TASK REQUIREMENTS → Drop the images. Copy every line below character for character.

---

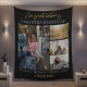 Photo collage gold script graduation party photo booth backdrop for the new grad. Features 4 photos of the graduate, and the word "Congratulations" is set. Add their name, school college, and class year of graduation by clicking the "Personalize" button.
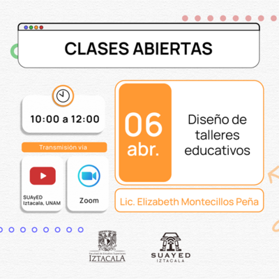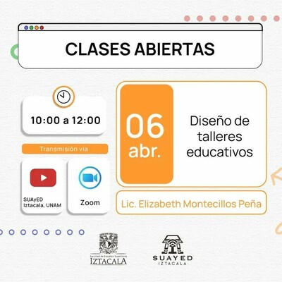 Hoy 10:00 Clase abierta: Diseño de Talleres Educativos. https://www.youtube.com/c/FESIztacalaUNAMmx/
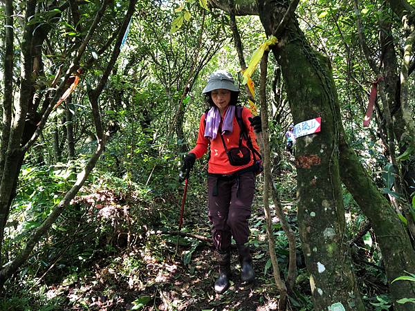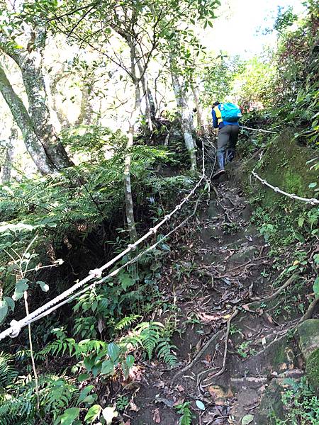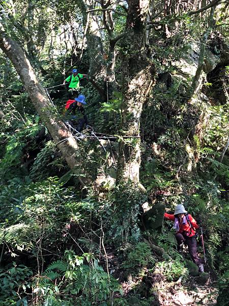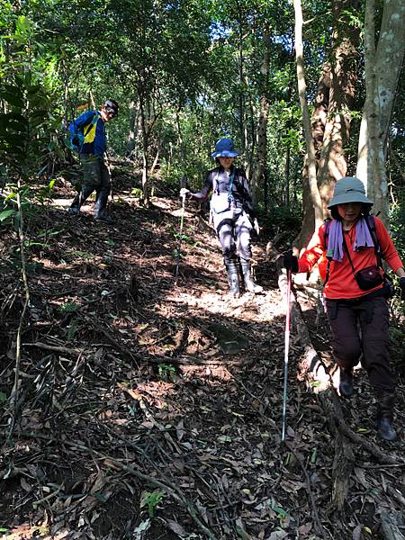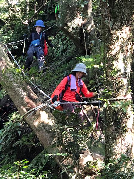 離開粽串尖後山路一路陡下,幾處岩壁地形,雖然有踩點,但是跨距較大,對女性而言還是有些困難。
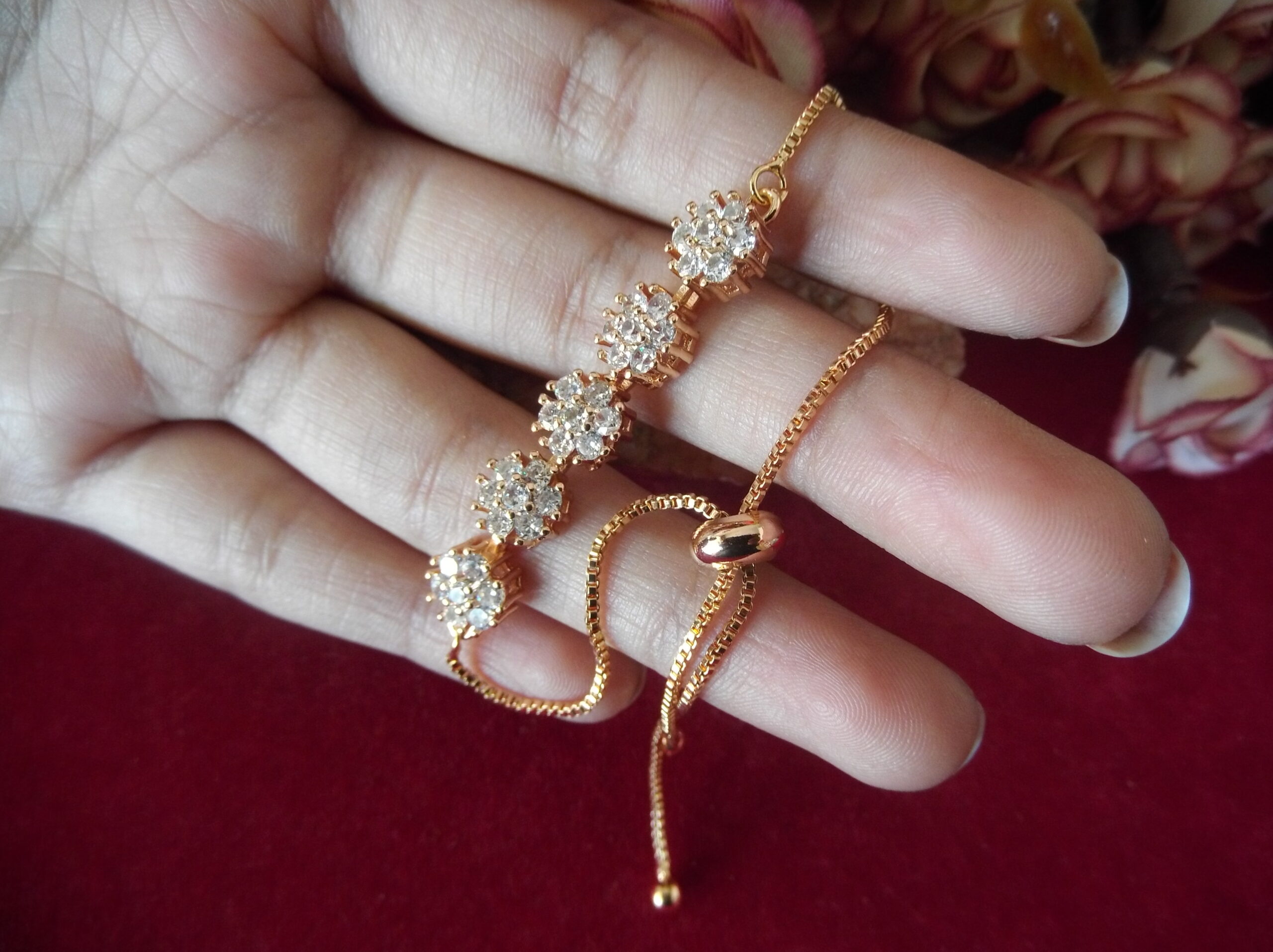 Introducing our exquisite Golden Metal Ladies’ Chain Bead Bracelet, a harmonious blend of elegance and charm that’s bound to enchant. Adorning this bracelet are five delicate flower designs, each intricately crafted with small sparkling stones that shimmer and dance in the light, adding a touch of glamour to your ensemble. The sliding lock mechanism ensures effortless wearability, providing a secure and comfortable fit for any occasion. Elevate your style with this timeless accessory, exuding sophistication and grace with every wear. Whether worn alone or paired with other jewelry pieces, this bracelet is sure to make a statement and become a cherished addition to your collection.
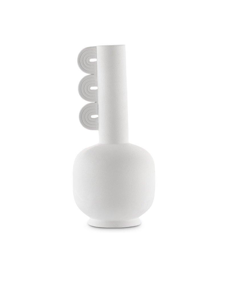 Proving our artisanal prowess with materials is our Happy 40 collection, which includes our Happy 40 Three Wings White Vase. Each of the ceramic bodies of the seven vases in this family, inspired by the "Art Decoratif" period, are hand thrown. with the designs that have handles, they require great skill to adjust to the sides of each vase symmetrically. The necks of these decorative vases are straight, which means they do not have a circular edge at the mouth to reinforce them during baking; and the texture is hard to obtain, which means they have to be fired at a special temperature.
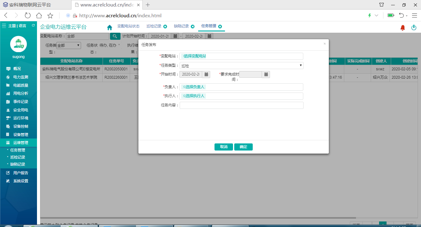 运维管理包括任务管理、巡检记录、缺陷记录三部分,其中任务管理可以完成任务的创建、发布、任务完成情况查询;巡检记录是巡检任务的执行情况和执行明细,缺陷记录是消缺任务创建、发布、完成状态情况查询。
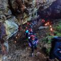 Nach dem Start geht es kurz durch den Ort, um warm zu werden, denn nach dem ersten Kilometer beginnt bereits der erste Anstieg zum 955 Meter hohen Silberberg. Auf dem Weg passieren wir eine Höhle, die von Fackeln beleuchtet wird und können von oben die Aussicht genießen. In den Tälern hängt der Nebel und nur die Bergspitzen erheben sich über dieses Meer. Über schöne Wege, auf denen man es gut laufen lassen kann geht es gleich wieder bergab, bevor der nächste Anstieg zum 983 Meter hohen Kronberg beginnt. Auf dem Weg zum Berg erreichen wir die erste Versorgungsstation und schnell wird klar, den Läuferinnen und Läufern wird es an nichts fehlen: Es gibt heißen Tee, ISO-Getränke, Wasser, Bier, verschiedene Obstsorten, Semmeln, Käsewürfel, Nüsse, Tomaten, Gurken, Kuchen, Süßes und Gels. Nach einem kurzen Aufenthalt geht es weiter auf schmalen Waldwegen bergauf. Die Strecke ist durchgängig mit kleinen roten Fähnchen und lila Pfeilen markiert, was ein verlaufen verhindert. In einem ständigen Auf-und-Ab führt die Strecke an der 869 Meter hohen Strohmannhanselhöhe vorbei und über die 914 Meter hohe Harlachberger Spitze.
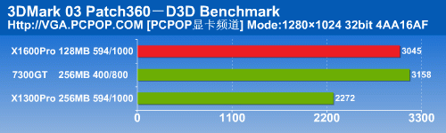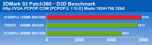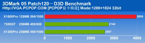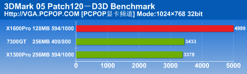 在3DMark05中,X1600Pro12个像素单元的实力得到了完全发挥,以非常大的幅度将另外两款显卡抛在了后面。
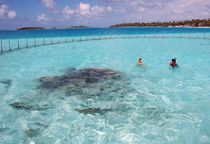 コーラルガーデンでのシュノーケリング、エイの触れ合い体験とサメの見学を楽しんだ後、白砂のモツ(小島)にあるラグナリウム(天然のラグーンを利用した施設)に上陸。魚と一緒に泳げる。バーベキューランチの後はモツでの自由行動。
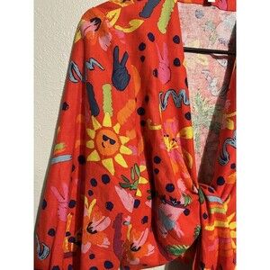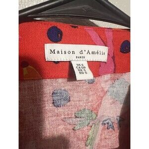 Maison d' Amelie Paris Women’s Small Funky Print Tie Front Linen Crop Top Blouse

---

FINISHED EXERCISE →
 Photo collage gold script graduation party photo booth backdrop for the new grad. Features 4 photos of the graduate, and the word "Congratulations" is set. Add their name, school college, and class year of graduation by clicking the "Personalize" button.
 Hoy 10:00 Clase abierta: Diseño de Talleres Educativos. https://www.youtube.com/c/FESIztacalaUNAMmx/
 離開粽串尖後山路一路陡下,幾處岩壁地形,雖然有踩點,但是跨距較大,對女性而言還是有些困難。
 Introducing our exquisite Golden Metal Ladies’ Chain Bead Bracelet, a harmonious blend of elegance and charm that’s bound to enchant. Adorning this bracelet are five delicate flower designs, each intricately crafted with small sparkling stones that shimmer and dance in the light, adding a touch of glamour to your ensemble. The sliding lock mechanism ensures effortless wearability, providing a secure and comfortable fit for any occasion. Elevate your style with this timeless accessory, exuding sophistication and grace with every wear. Whether worn alone or paired with other jewelry pieces, this bracelet is sure to make a statement and become a cherished addition to your collection.
 Proving our artisanal prowess with materials is our Happy 40 collection, which includes our Happy 40 Three Wings White Vase. Each of the ceramic bodies of the seven vases in this family, inspired by the "Art Decoratif" period, are hand thrown. with the designs that have handles, they require great skill to adjust to the sides of each vase symmetrically. The necks of these decorative vases are straight, which means they do not have a circular edge at the mouth to reinforce them during baking; and the texture is hard to obtain, which means they have to be fired at a special temperature.
 运维管理包括任务管理、巡检记录、缺陷记录三部分,其中任务管理可以完成任务的创建、发布、任务完成情况查询;巡检记录是巡检任务的执行情况和执行明细,缺陷记录是消缺任务创建、发布、完成状态情况查询。
 Nach dem Start geht es kurz durch den Ort, um warm zu werden, denn nach dem ersten Kilometer beginnt bereits der erste Anstieg zum 955 Meter hohen Silberberg. Auf dem Weg passieren wir eine Höhle, die von Fackeln beleuchtet wird und können von oben die Aussicht genießen. In den Tälern hängt der Nebel und nur die Bergspitzen erheben sich über dieses Meer. Über schöne Wege, auf denen man es gut laufen lassen kann geht es gleich wieder bergab, bevor der nächste Anstieg zum 983 Meter hohen Kronberg beginnt. Auf dem Weg zum Berg erreichen wir die erste Versorgungsstation und schnell wird klar, den Läuferinnen und Läufern wird es an nichts fehlen: Es gibt heißen Tee, ISO-Getränke, Wasser, Bier, verschiedene Obstsorten, Semmeln, Käsewürfel, Nüsse, Tomaten, Gurken, Kuchen, Süßes und Gels. Nach einem kurzen Aufenthalt geht es weiter auf schmalen Waldwegen bergauf. Die Strecke ist durchgängig mit kleinen roten Fähnchen und lila Pfeilen markiert, was ein verlaufen verhindert. In einem ständigen Auf-und-Ab führt die Strecke an der 869 Meter hohen Strohmannhanselhöhe vorbei und über die 914 Meter hohe Harlachberger Spitze.
 在3DMark05中,X1600Pro12个像素单元的实力得到了完全发挥,以非常大的幅度将另外两款显卡抛在了后面。
 コーラルガーデンでのシュノーケリング、エイの触れ合い体験とサメの見学を楽しんだ後、白砂のモツ(小島)にあるラグナリウム(天然のラグーンを利用した施設)に上陸。魚と一緒に泳げる。バーベキューランチの後はモツでの自由行動。
 Maison d' Amelie Paris Women’s Small Funky Print Tie Front Linen Crop Top Blouse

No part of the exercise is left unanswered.